- INSTRUCTIONS TO FOLLOW
Below are records to repeat exactly. Omit the pictures from the copy.

####

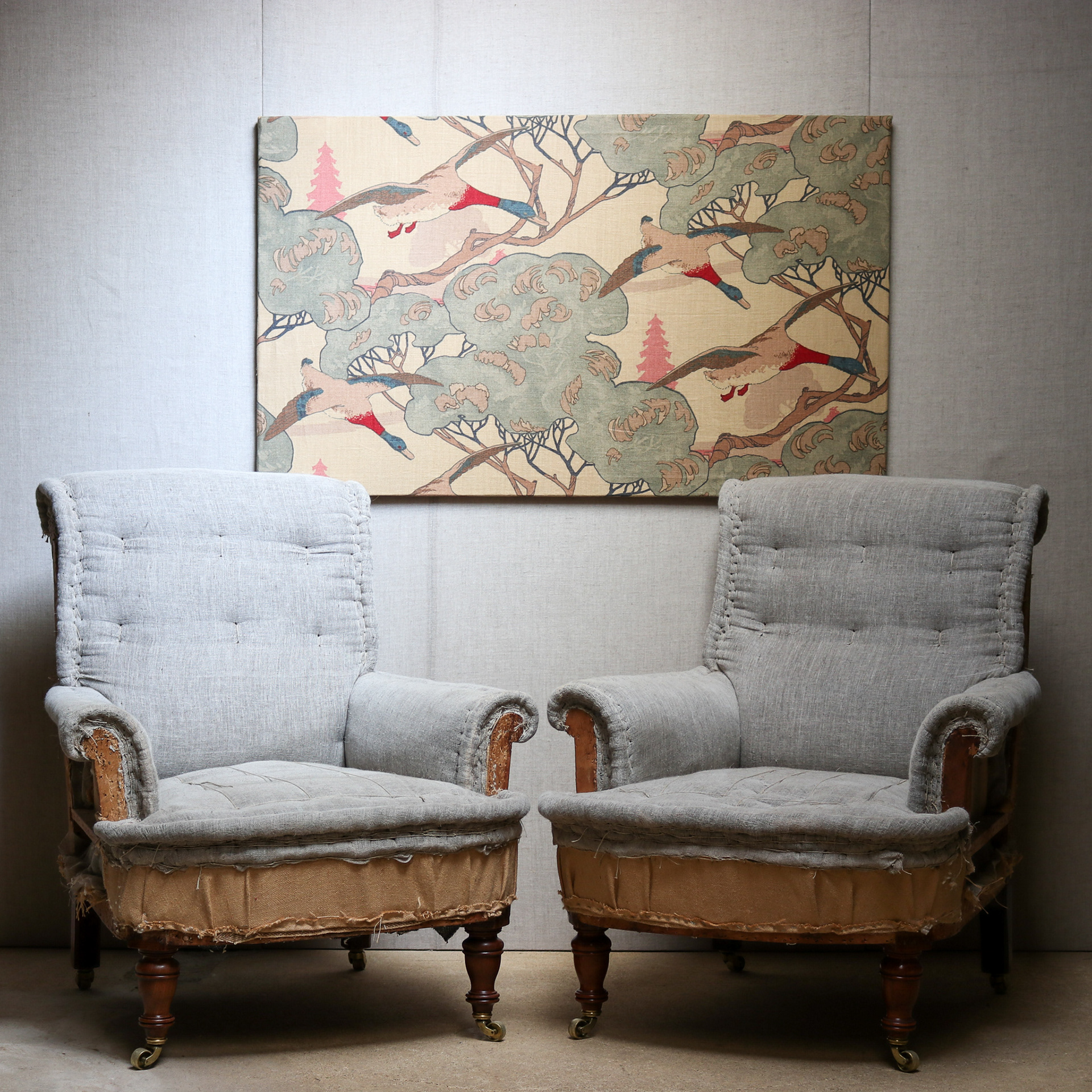 Pair of 19th century club chairs traditionally reupholstered for optimum comfort using copper coated coil springs on the seat and back and re-carded maid and tail horsehair to form seat back and arms. Moulding to form a comfortable seat. All springs and edges are tied and stitched by hand. Terminating on English walnut legs with brass castors. Can be upholstered to fabric or leather of choice. Deep-buttoned or plain.
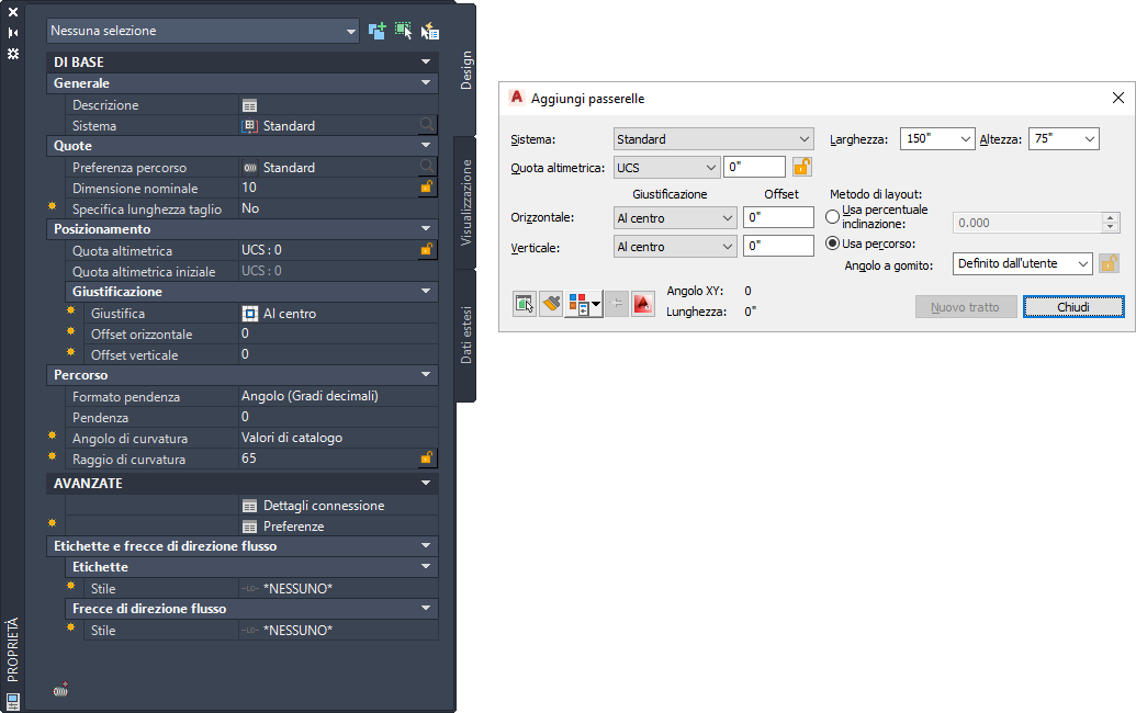 2. Per i passaggi successivi, utilizzare il riquadro proprietà per le impostazioni dei tubi protettivi o la finestra di dialogo Aggiungi passerelle per le impostazioni delle passerelle, come indicato di seguito.
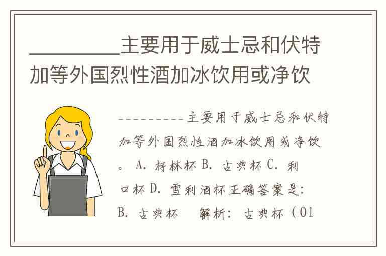 _________主要用于威士忌和伏特加等外国烈性酒加冰饮用或净饮。 A. 柯林杯 B. 古典杯 C. 利口杯 D. 雪利酒杯
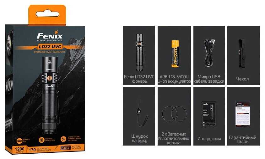 | Дополнительная информация : | УФ режим для дезинфекции, тип аккумулятора: Li-ion, тип батарей: CR123, подробная комплектация: Фонарь Fenix LD32 UVC, количество батарей: 2, количество режимов работы: 5 |
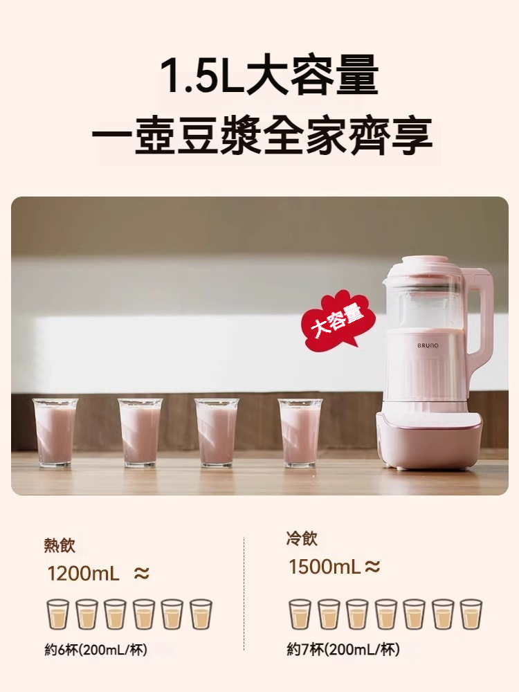 全新 日本 BRUNO 多功能靜音小型迷你全自動奶壺豆漿機破壁機家用 1600W|平行進口 - 國行 ( 220 V ) - 發掘餐桌的無限可能
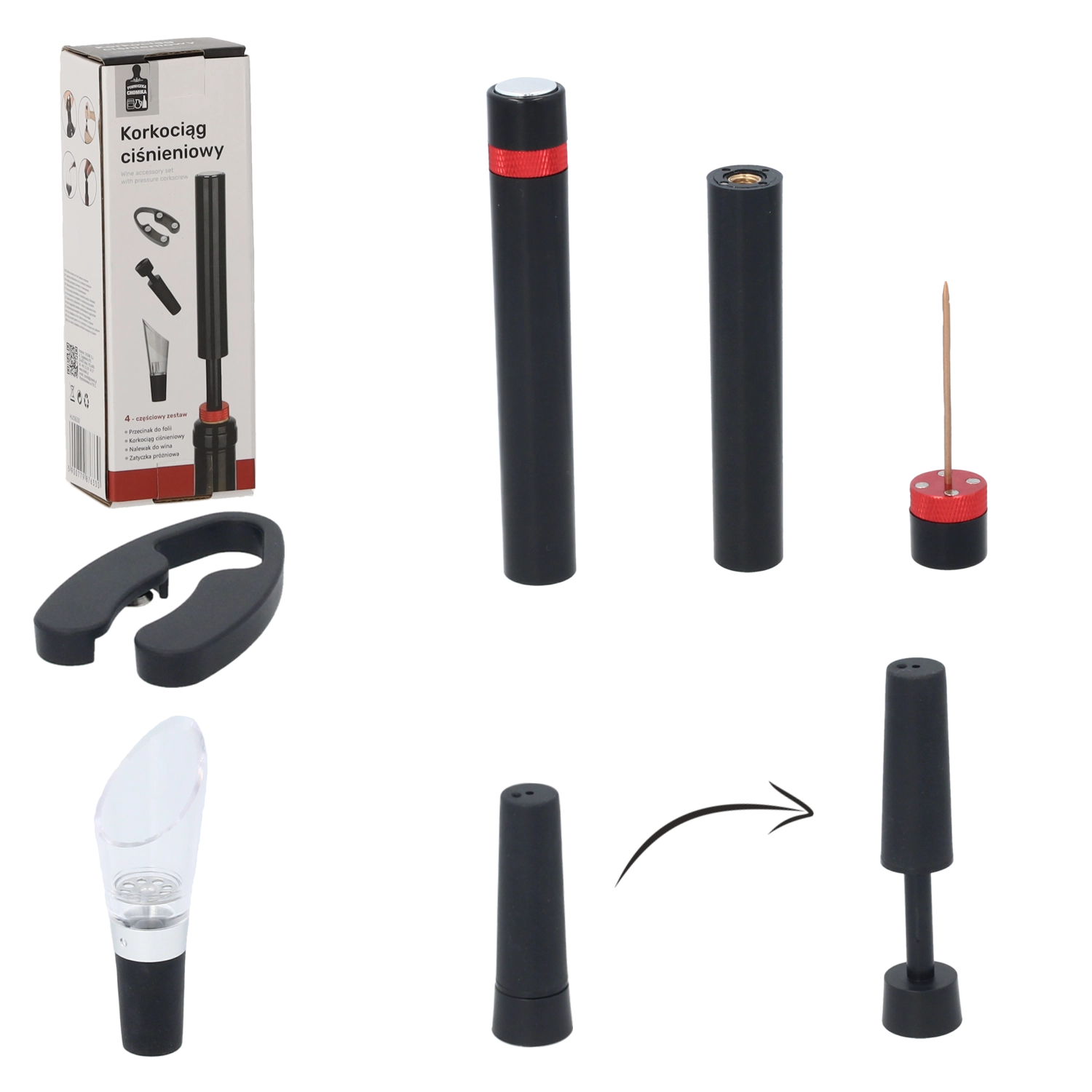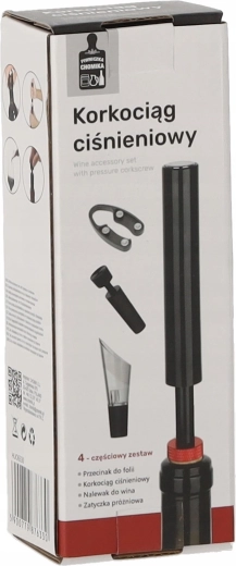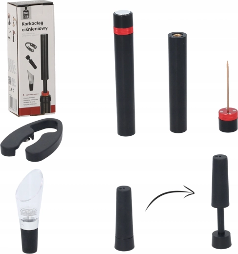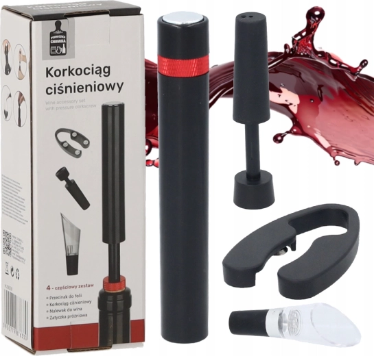 Elegantní dárková sada pro milovníky vína obsahuje vše potřebné pro pohodlné otevření a servírování: tlakový vývrtka, řezač fólie, uzávěr lahve a nalévací nástavec s aerátorem. Kombinace nerezové oceli a odolného plastu v černém provedení zaručuje dlouhou životnost a moderní vzhled.

####

- SOLUTION TO THE PROBLEM
 Pair of 19th century club chairs traditionally reupholstered for optimum comfort using copper coated coil springs on the seat and back and re-carded maid and tail horsehair to form seat back and arms. Moulding to form a comfortable seat. All springs and edges are tied and stitched by hand. Terminating on English walnut legs with brass castors. Can be upholstered to fabric or leather of choice. Deep-buttoned or plain.
 2. Per i passaggi successivi, utilizzare il riquadro proprietà per le impostazioni dei tubi protettivi o la finestra di dialogo Aggiungi passerelle per le impostazioni delle passerelle, come indicato di seguito.
 _________主要用于威士忌和伏特加等外国烈性酒加冰饮用或净饮。 A. 柯林杯 B. 古典杯 C. 利口杯 D. 雪利酒杯
 | Дополнительная информация : | УФ режим для дезинфекции, тип аккумулятора: Li-ion, тип батарей: CR123, подробная комплектация: Фонарь Fenix LD32 UVC, количество батарей: 2, количество режимов работы: 5 |
 全新 日本 BRUNO 多功能靜音小型迷你全自動奶壺豆漿機破壁機家用 1600W|平行進口 - 國行 ( 220 V ) - 發掘餐桌的無限可能
 Elegantní dárková sada pro milovníky vína obsahuje vše potřebné pro pohodlné otevření a servírování: tlakový vývrtka, řezač fólie, uzávěr lahve a nalévací nástavec s aerátorem. Kombinace nerezové oceli a odolného plastu v černém provedení zaručuje dlouhou životnost a moderní vzhled.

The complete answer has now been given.